Securities Exchange Act of 1934

Date of report (Date of earliest event reported): September 24, 2007

 


SECURITY BANK CORPORATION

(Exact Name of Registrant as Specified in Charter)

 


 

Georgia   000-23261   58-2107916

(State or Other Jurisdiction

of Incorporation)

  (Commission File Number)  

(I.R.S. Employer

Identification No.)

4219 Forsyth Road

Macon, Georgia 31210

(Address of Principal Executive Offices, including Zip Code)

(478) 722-6200

(Registrant’s telephone number, including area code)

Not applicable

(Former Name or Former Address, if Changed Since Last Report)

 


Check the appropriate box below if the Form 8-K filing is intended to simultaneously satisfy the filing obligation of the registrant under any of the following provisions:

 

¨ Written communications pursuant to Rule 425 under the Securities Act (17 CFR 230.425)

 

¨ Soliciting material pursuant to Rule 14a-12 under the Exchange Act (17 CFR 240.14a-12)

 

¨ Pre-commencement communications pursuant to Rule 14d-2(b) under the Exchange Act (17 CFR 240.14d-2(b))

 

¨ Pre-commencement communications pursuant to Rule 13e-4(c) under the Exchange Act (17 CFR 240.13e-4(c))

 



Item 5.03 Amendments to Articles of Incorporation or Bylaws; Change in Fiscal Year.

On September 18, 2007, the Board of Directors of Security Bank Corporation (the “Company”) adopted Amended and Restated Bylaws for the Company. The main purpose of the amendments was to make the Company’s common stock eligible for participation in a Direct Registration Program operated by a clearing agency (such as the one offered by the Depository Trust Corporation), pursuant to NASDAQ Marketplace Rule 4350(l), as recently amended. To be eligible for a Direct Registration Program, the Company’s common stock must qualify as “eligible securities,” meaning that the Company must permit electronic direct registration of the common stock in an investor’s name on the books of the transfer agent or the Company, and similarly allow the common stock to be transferred between a transfer agent and broker. Accordingly, the amendments were adopted to provide for a system of issuance, recordation and transfer of the Company’s common stock by electronic or other means not involving any issuance of physical certificates.

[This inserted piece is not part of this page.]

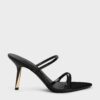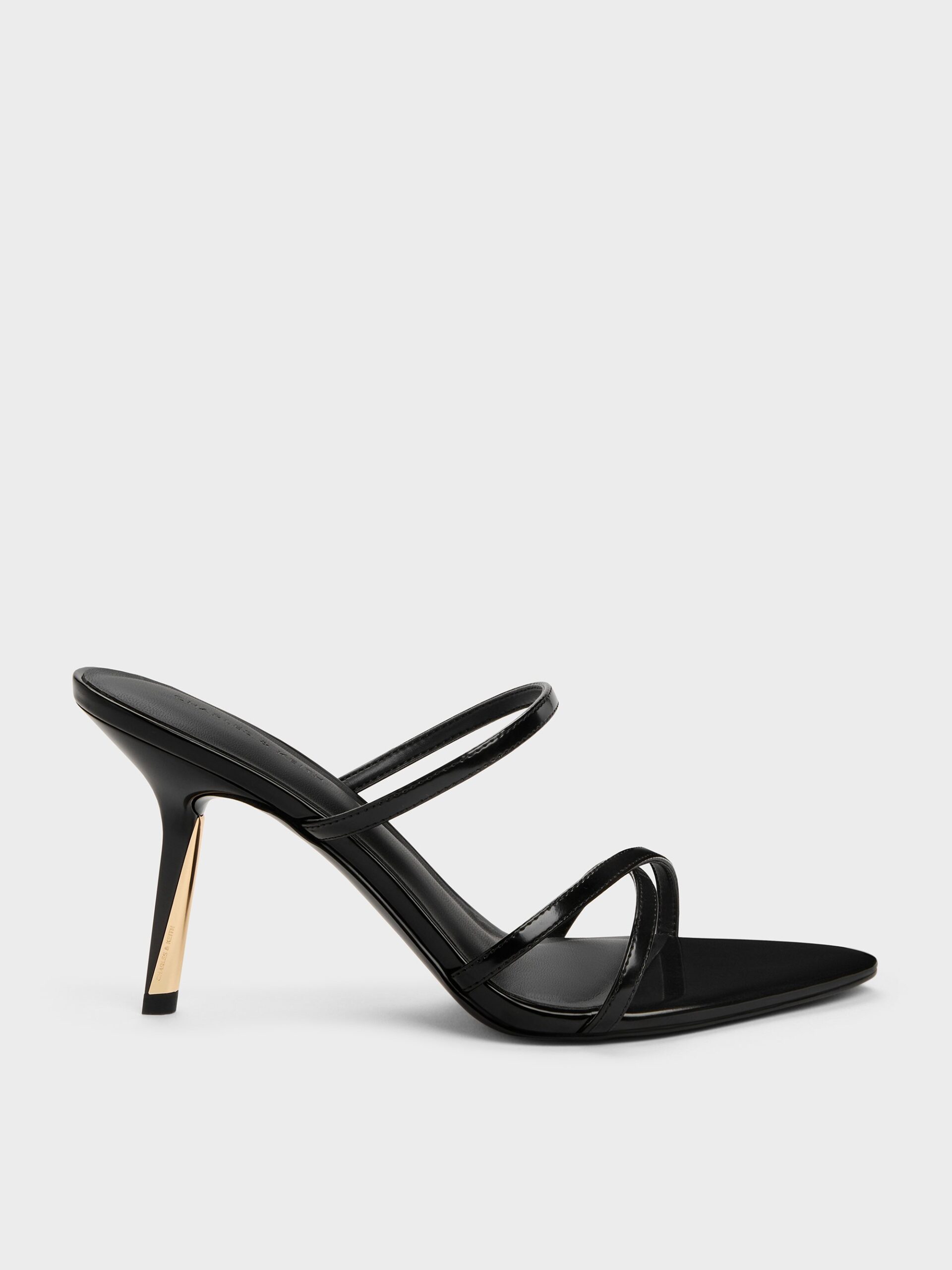 These Taylen heeled mules in black feature slim strappy uppers with a subtly glossy finish, open pointed toes, slender slant heels with polished gold accents. Let them bring stylish definition to relaxed jersey pieces and well-worn denim.

In addition, the Company also made certain other revisions, updates and modifications to the Bylaws to make them consistent with the Company’s current practices and operations. Pursuant to the Amended and Restated Bylaws, these revisions must be ratified by the Company’s shareholders, and the Company will include the Amended and Restated Bylaws in next year’s proxy statement for the shareholders to approve.

The Amended and Restated Bylaws are attached to this Current Report as Exhibit 3.1 and are incorporated into this Item 5.03 by this reference.

 

Item 9.01 Financial Statements and Exhibits.

 

(d) Exhibits

 

Exhibit

Number

  

Description

3.1    Amended and Restated Bylaws.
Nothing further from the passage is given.